Platz 1: Zschonergrundbad – Dresden, Sachsen
Wer durch das schmale Tal im Dresdner Westen wandert, ahnt kaum, dass sich hier Deutschlands beliebtestes Freibad verbirgt. Das knapp hundert Jahre alte Zschonergrundbad verteidigt mit 4,7 Sternen bei 504 Rezensionen seinen Spitzenplatz, nun schon zum dritten Mal in Folge. Das denkmalgeschützte Naturbad, auf dessen Gelände teils Gebäude aus dem Jahr 1836 stehen, verbindet den klassischen Badespaß mit Kultur: Es bietet seinen BesucherInnen unter anderem Kräuter-Rundgänge, Osterfeuer, Lyriklesungen sowie eine Sprunggrube und einen kleinen Kiesstrand. Als einziges Naturbad der Stadt setzt es auf biologische Selbstreinigung, bei der Pflanzen und Mikroorganismen das Wasser klar halten.
Städte mit den besten Freibädern
Während der Sieger in der Einzelwertung der bestbewerteten Freibäder in Dresden liegt, teilen sich zwei niedersächsische Nachbarn den ersten Platz im Ranking der besten Freibad-Städte: Wolfsburg und Braunschweig kommen mit jeweils drei Bädern auf einen Schnitt von 4,47 Sternen. Während Braunschweig den alleinigen Vorjahressieg abgibt, rückt Wolfsburg von Rang drei nach oben und zieht gleich.
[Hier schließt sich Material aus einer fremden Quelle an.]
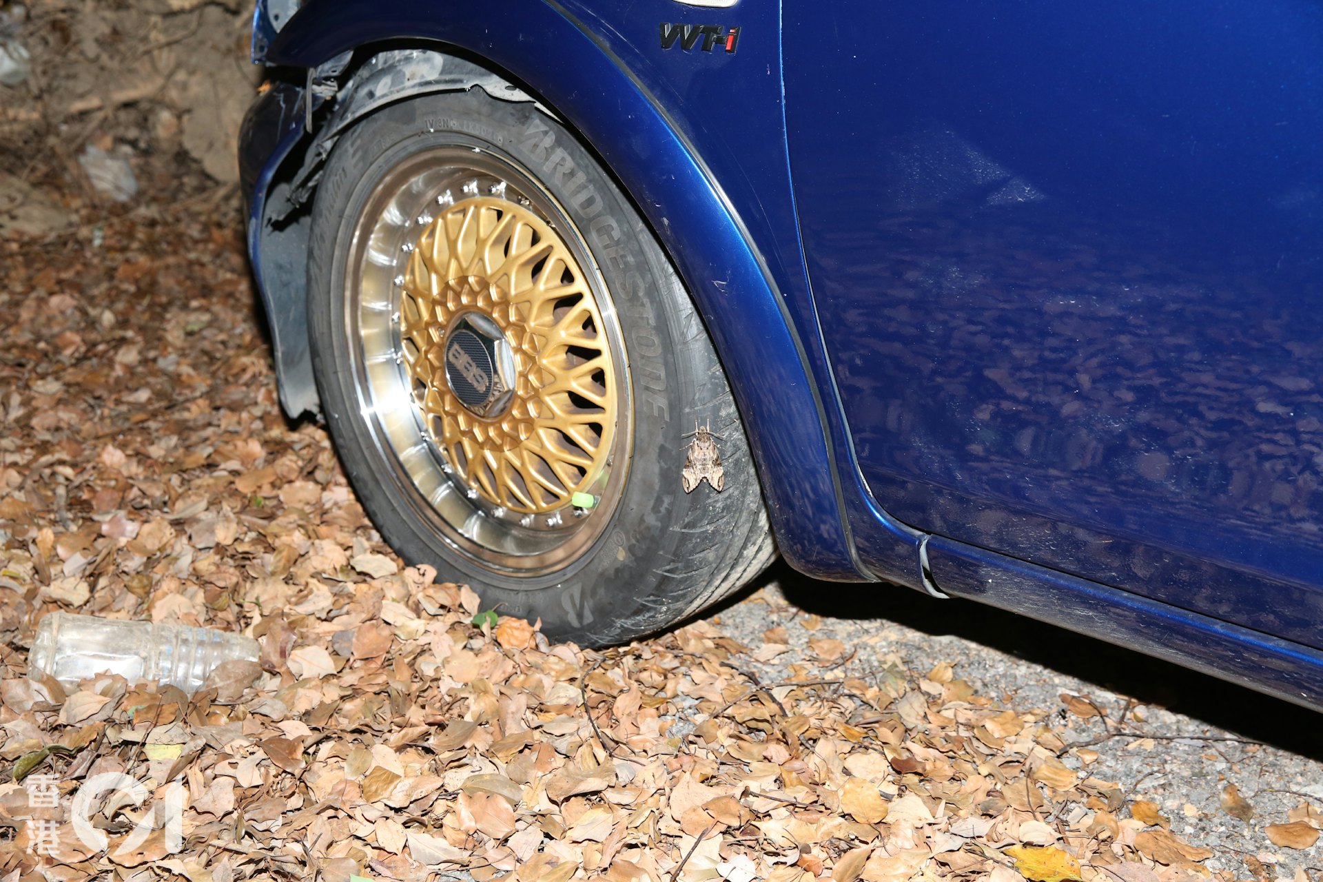 69歲老婦4月4日晚在上水松柏塱踩單車時,懷疑被私家車撞到,警方4月5日在上水虎地拗道尋獲一輛懷疑與案有關私豐田私家車,一隻飛蛾停在該車左前轆上。(王譯揚攝)tvb now,tvbnow,bttvb) z$ g; l% k; t3 P, |4 H. ]2 ]

Den dritten Platz belegt Karlsruhe, im Vorjahr noch Zweiter, mit fünf Bädern und Ø 4,44 Sternen. Dahinter behauptet Bielefeld mit sieben Bädern und Ø 4,40 Sternen seinen vierten Rang. Münster und Göttingen folgen mit jeweils Ø 4,37 Sternen. Auffällig ist vor allem, wer fehlt. Die erste Millionenstadt taucht erst auf Rang sieben auf, wo München mit acht Bädern einen Schnitt von Ø 4,34 Sternen erreicht. Wer die besten Freibäder sucht, wird demnach eher in mittelgroßen Städten fündig als in den großen Metropolen.